“There is a history in all men’s lives,
Figuring the nature of the times deceased;
The which observed, a man may prophesy,
With a near aim, of the main chance of things
As yet not come to life, which in their seeds
And weak beginnings lie intreasured.
Such things become the hatch and brood of time”
(King Henry IV, part 2, act 3, sc. 1)
There is a history in all men’s lives as well as in their works and, in particular, works of art.
Case in point is the Medieval Abbey of Vezzolano (Italy) and a particular detail of which I will tell you later in this article.
It has been said that the fascination with the Middle Ages has something to do with our own childhood. Those strange faces as shown in paintings and book miniatures, with mesmerizing and yet naïve expressions – those characters often crowded against one another without concern for perspective and yet illuminated with a magnificent combination of colors, they are images that could spring from the imagination of a child
The Middle Ages have forged the landscape of Europe and have given names to places and people.

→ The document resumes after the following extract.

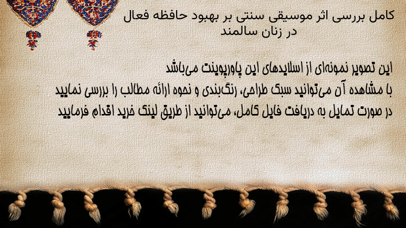 پاورپوینت کامل بررسی اثر موسیقی سنتی بر بهبود حافظه فعال در زنان سالمند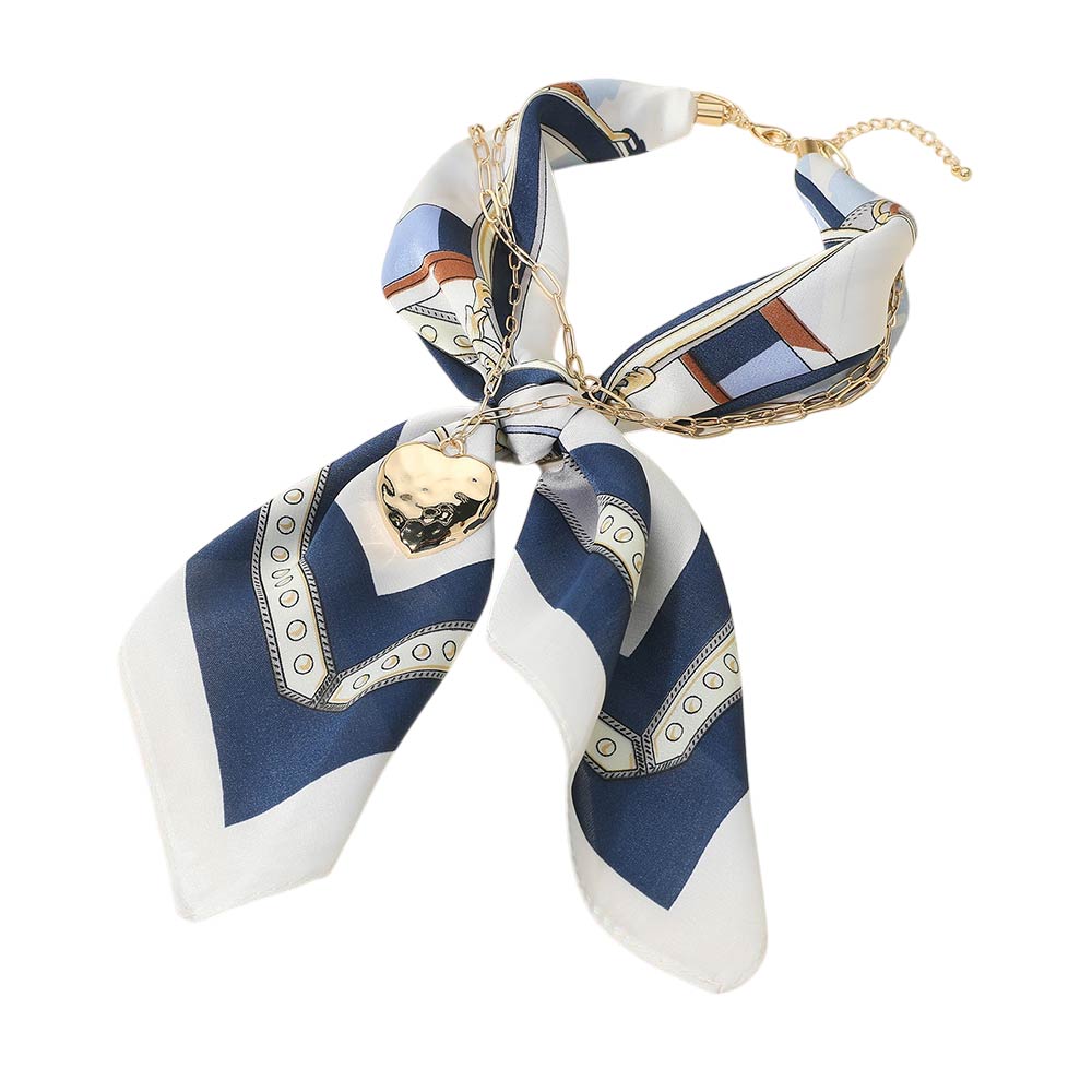 Details • Necklace Size : 15" + 3.5" L • Decor Size : 8" L • Pattern May Vary • This chain detail scarf necklace blends a soft draped scarf with a linked accent and heart charm for a refined statement look. Designed to wear as a necklace, it adds effortless polish to casual and dressy outfits, making it a versatile accessory for everyday styling and elevated fashion collections. • Lead and Nickel Compliant

At the far edge of our collective memory we can imagine the rhythms of ancient jobs and of days bygone, the religious and social rites that, in times past, gave a meaning to life.
Holding the secrets of an intimate identity which eludes us, the Middle Ages are a kind of screen for our dreams. It was an age when the rural world was king, an age of nightmares, barbaric, obscure, filled with abysmal superstition, weighed by the rudest dominations, before the Renaissance came to dissipate the darkness with the light of reason and the illumination provided by a revived antiquity.
Still, an age of angels and devils, often consorting together as depicted or sculpted in the capitals of churches, cathedrals and abbeys. An age of dreams too beautiful to be true, a historic utopia that some marginalized and rejected people of today envision as a Golden time – before the bourgeoisie, the State and the Industrial Revolution imposed their iron rules and took enchantment out of the world.
But let’s return to the Abbey of Vezzolano. Sometimes a detail, overlooked in the context of general knowledge, can cast a different light on our collective view of history.
For the Medieval western world the Muslims were infidels, or so were defined by the Church – a characterization that justified the four Crusades, much as the “war on terror” justifies the American occupation of lands and people who could not hurt America even if they wanted to.
Therefore the following detail will perhaps be a surprise for some. In the façade of the Abbey of Vezzolano, among other decorations, there are three ceramic roses or circles or basins. In the one on the right hand side, as pointed by the arrow and enlarged in this adjacent image, there are inscribed – three times and in Arabic – the names of Allah and Muhammad.
This is not the only instance. In an Abbey in the Tuscan town of Cascia there is a famous triptych attributed to the Medieval painter Masaccio. In the halo of the Virgin Mary there is inscribed (in Arabic and in reverse) the “shahada”, the Muslim declaration of faith, “There is no other God but Allah”.
Very likely, Masaccio and the artist who decorated the Abbey of Vezzolano were struck by the inherent artistic beauty of the Arabic script. Calligraphy was (and still is) a revered art in the Muslim world. In fact one of the effects of the invasion of Iraq to find the nonexistent “weapons of mass destruction” was the assassination in Baghdad of Khal-al-Zahawi, considered the “Prince of Calligraphers”, in the art of writing classical Arabic characters.
All in all, the reader may agree that there is a history not only in all men’s lives but also in most things of interest.
In the play. Warwick meditates on a prediction by King Richard II. Northumberland had helped Bolingbroke take over the crown. Richard II predicted that the same Northumberland would betray the new king. ‘Main’ here means ‘general’.